== Segment start ==

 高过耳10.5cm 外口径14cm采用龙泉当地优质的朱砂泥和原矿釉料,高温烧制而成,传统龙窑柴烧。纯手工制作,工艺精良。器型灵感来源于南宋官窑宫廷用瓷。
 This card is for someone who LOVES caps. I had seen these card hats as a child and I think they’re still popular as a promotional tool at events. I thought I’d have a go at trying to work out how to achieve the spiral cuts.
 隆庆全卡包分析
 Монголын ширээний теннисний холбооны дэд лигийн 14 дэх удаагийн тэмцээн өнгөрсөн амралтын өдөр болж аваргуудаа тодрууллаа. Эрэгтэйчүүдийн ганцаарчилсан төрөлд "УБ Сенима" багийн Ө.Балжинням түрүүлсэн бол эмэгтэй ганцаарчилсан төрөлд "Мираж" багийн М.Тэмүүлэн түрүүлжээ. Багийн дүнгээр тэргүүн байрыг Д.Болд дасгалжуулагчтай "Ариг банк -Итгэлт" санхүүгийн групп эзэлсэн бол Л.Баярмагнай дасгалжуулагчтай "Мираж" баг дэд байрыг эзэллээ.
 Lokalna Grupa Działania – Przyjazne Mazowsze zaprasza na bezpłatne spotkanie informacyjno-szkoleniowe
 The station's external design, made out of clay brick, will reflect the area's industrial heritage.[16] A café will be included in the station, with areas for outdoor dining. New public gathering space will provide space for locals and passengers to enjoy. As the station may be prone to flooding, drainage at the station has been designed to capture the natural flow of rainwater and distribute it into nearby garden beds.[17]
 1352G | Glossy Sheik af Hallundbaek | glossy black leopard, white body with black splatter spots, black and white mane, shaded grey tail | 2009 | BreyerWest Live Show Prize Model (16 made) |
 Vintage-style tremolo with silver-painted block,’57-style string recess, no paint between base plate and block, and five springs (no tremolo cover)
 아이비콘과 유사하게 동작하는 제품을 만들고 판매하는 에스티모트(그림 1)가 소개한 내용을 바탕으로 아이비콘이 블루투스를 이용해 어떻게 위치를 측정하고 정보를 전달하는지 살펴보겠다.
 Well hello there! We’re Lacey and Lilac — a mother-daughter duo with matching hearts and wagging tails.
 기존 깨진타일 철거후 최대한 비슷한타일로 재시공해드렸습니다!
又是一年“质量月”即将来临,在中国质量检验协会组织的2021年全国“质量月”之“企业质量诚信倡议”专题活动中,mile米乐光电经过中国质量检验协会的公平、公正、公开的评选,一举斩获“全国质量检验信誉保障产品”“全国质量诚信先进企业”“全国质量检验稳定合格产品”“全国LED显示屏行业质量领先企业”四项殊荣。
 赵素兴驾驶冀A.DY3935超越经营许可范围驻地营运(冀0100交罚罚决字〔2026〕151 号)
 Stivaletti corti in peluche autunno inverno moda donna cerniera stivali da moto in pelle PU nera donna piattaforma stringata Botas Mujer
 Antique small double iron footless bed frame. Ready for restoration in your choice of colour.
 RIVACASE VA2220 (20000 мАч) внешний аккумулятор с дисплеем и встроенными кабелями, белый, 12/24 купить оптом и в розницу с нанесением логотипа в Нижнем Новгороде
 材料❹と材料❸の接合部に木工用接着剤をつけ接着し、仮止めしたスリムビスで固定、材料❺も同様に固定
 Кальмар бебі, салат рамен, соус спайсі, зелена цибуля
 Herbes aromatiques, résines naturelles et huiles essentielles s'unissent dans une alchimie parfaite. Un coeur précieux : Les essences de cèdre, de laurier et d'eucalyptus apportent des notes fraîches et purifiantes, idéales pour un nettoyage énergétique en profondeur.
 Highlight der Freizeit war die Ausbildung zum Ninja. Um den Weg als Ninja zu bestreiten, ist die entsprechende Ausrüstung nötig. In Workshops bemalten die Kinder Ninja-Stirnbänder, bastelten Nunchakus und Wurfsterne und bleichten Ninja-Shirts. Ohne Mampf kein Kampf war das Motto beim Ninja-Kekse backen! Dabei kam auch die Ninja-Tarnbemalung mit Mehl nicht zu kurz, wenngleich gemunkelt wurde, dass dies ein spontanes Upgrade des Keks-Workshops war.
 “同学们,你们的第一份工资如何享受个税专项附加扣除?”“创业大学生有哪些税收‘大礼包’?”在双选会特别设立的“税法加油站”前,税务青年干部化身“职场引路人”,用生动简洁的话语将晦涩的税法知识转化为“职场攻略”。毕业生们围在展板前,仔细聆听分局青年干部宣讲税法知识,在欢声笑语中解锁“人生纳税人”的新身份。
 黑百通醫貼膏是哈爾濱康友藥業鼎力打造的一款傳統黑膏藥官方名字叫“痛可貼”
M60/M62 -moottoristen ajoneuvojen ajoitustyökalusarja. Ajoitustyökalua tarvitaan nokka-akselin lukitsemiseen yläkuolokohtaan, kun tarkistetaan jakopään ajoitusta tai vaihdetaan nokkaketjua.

== Segment end ==

For every entry above, write out an exact copy.

_Output of the task_:
 高过耳10.5cm 外口径14cm采用龙泉当地优质的朱砂泥和原矿釉料,高温烧制而成,传统龙窑柴烧。纯手工制作,工艺精良。器型灵感来源于南宋官窑宫廷用瓷。
 This card is for someone who LOVES caps. I had seen these card hats as a child and I think they’re still popular as a promotional tool at events. I thought I’d have a go at trying to work out how to achieve the spiral cuts.
 隆庆全卡包分析
 Монголын ширээний теннисний холбооны дэд лигийн 14 дэх удаагийн тэмцээн өнгөрсөн амралтын өдөр болж аваргуудаа тодрууллаа. Эрэгтэйчүүдийн ганцаарчилсан төрөлд "УБ Сенима" багийн Ө.Балжинням түрүүлсэн бол эмэгтэй ганцаарчилсан төрөлд "Мираж" багийн М.Тэмүүлэн түрүүлжээ. Багийн дүнгээр тэргүүн байрыг Д.Болд дасгалжуулагчтай "Ариг банк -Итгэлт" санхүүгийн групп эзэлсэн бол Л.Баярмагнай дасгалжуулагчтай "Мираж" баг дэд байрыг эзэллээ.
 Lokalna Grupa Działania – Przyjazne Mazowsze zaprasza na bezpłatne spotkanie informacyjno-szkoleniowe
 The station's external design, made out of clay brick, will reflect the area's industrial heritage.[16] A café will be included in the station, with areas for outdoor dining. New public gathering space will provide space for locals and passengers to enjoy. As the station may be prone to flooding, drainage at the station has been designed to capture the natural flow of rainwater and distribute it into nearby garden beds.[17]
 1352G | Glossy Sheik af Hallundbaek | glossy black leopard, white body with black splatter spots, black and white mane, shaded grey tail | 2009 | BreyerWest Live Show Prize Model (16 made) |
 Vintage-style tremolo with silver-painted block,’57-style string recess, no paint between base plate and block, and five springs (no tremolo cover)
 아이비콘과 유사하게 동작하는 제품을 만들고 판매하는 에스티모트(그림 1)가 소개한 내용을 바탕으로 아이비콘이 블루투스를 이용해 어떻게 위치를 측정하고 정보를 전달하는지 살펴보겠다.
 Well hello there! We’re Lacey and Lilac — a mother-daughter duo with matching hearts and wagging tails.
 기존 깨진타일 철거후 최대한 비슷한타일로 재시공해드렸습니다!
又是一年“质量月”即将来临,在中国质量检验协会组织的2021年全国“质量月”之“企业质量诚信倡议”专题活动中,mile米乐光电经过中国质量检验协会的公平、公正、公开的评选,一举斩获“全国质量检验信誉保障产品”“全国质量诚信先进企业”“全国质量检验稳定合格产品”“全国LED显示屏行业质量领先企业”四项殊荣。
 赵素兴驾驶冀A.DY3935超越经营许可范围驻地营运(冀0100交罚罚决字〔2026〕151 号)
 Stivaletti corti in peluche autunno inverno moda donna cerniera stivali da moto in pelle PU nera donna piattaforma stringata Botas Mujer
 Antique small double iron footless bed frame. Ready for restoration in your choice of colour.
 RIVACASE VA2220 (20000 мАч) внешний аккумулятор с дисплеем и встроенными кабелями, белый, 12/24 купить оптом и в розницу с нанесением логотипа в Нижнем Новгороде
 材料❹と材料❸の接合部に木工用接着剤をつけ接着し、仮止めしたスリムビスで固定、材料❺も同様に固定
 Кальмар бебі, салат рамен, соус спайсі, зелена цибуля
 Herbes aromatiques, résines naturelles et huiles essentielles s'unissent dans une alchimie parfaite. Un coeur précieux : Les essences de cèdre, de laurier et d'eucalyptus apportent des notes fraîches et purifiantes, idéales pour un nettoyage énergétique en profondeur.
 Highlight der Freizeit war die Ausbildung zum Ninja. Um den Weg als Ninja zu bestreiten, ist die entsprechende Ausrüstung nötig. In Workshops bemalten die Kinder Ninja-Stirnbänder, bastelten Nunchakus und Wurfsterne und bleichten Ninja-Shirts. Ohne Mampf kein Kampf war das Motto beim Ninja-Kekse backen! Dabei kam auch die Ninja-Tarnbemalung mit Mehl nicht zu kurz, wenngleich gemunkelt wurde, dass dies ein spontanes Upgrade des Keks-Workshops war.
 “同学们,你们的第一份工资如何享受个税专项附加扣除?”“创业大学生有哪些税收‘大礼包’?”在双选会特别设立的“税法加油站”前,税务青年干部化身“职场引路人”,用生动简洁的话语将晦涩的税法知识转化为“职场攻略”。毕业生们围在展板前,仔细聆听分局青年干部宣讲税法知识,在欢声笑语中解锁“人生纳税人”的新身份。
 黑百通醫貼膏是哈爾濱康友藥業鼎力打造的一款傳統黑膏藥官方名字叫“痛可貼”
M60/M62 -moottoristen ajoneuvojen ajoitustyökalusarja. Ajoitustyökalua tarvitaan nokka-akselin lukitsemiseen yläkuolokohtaan, kun tarkistetaan jakopään ajoitusta tai vaihdetaan nokkaketjua.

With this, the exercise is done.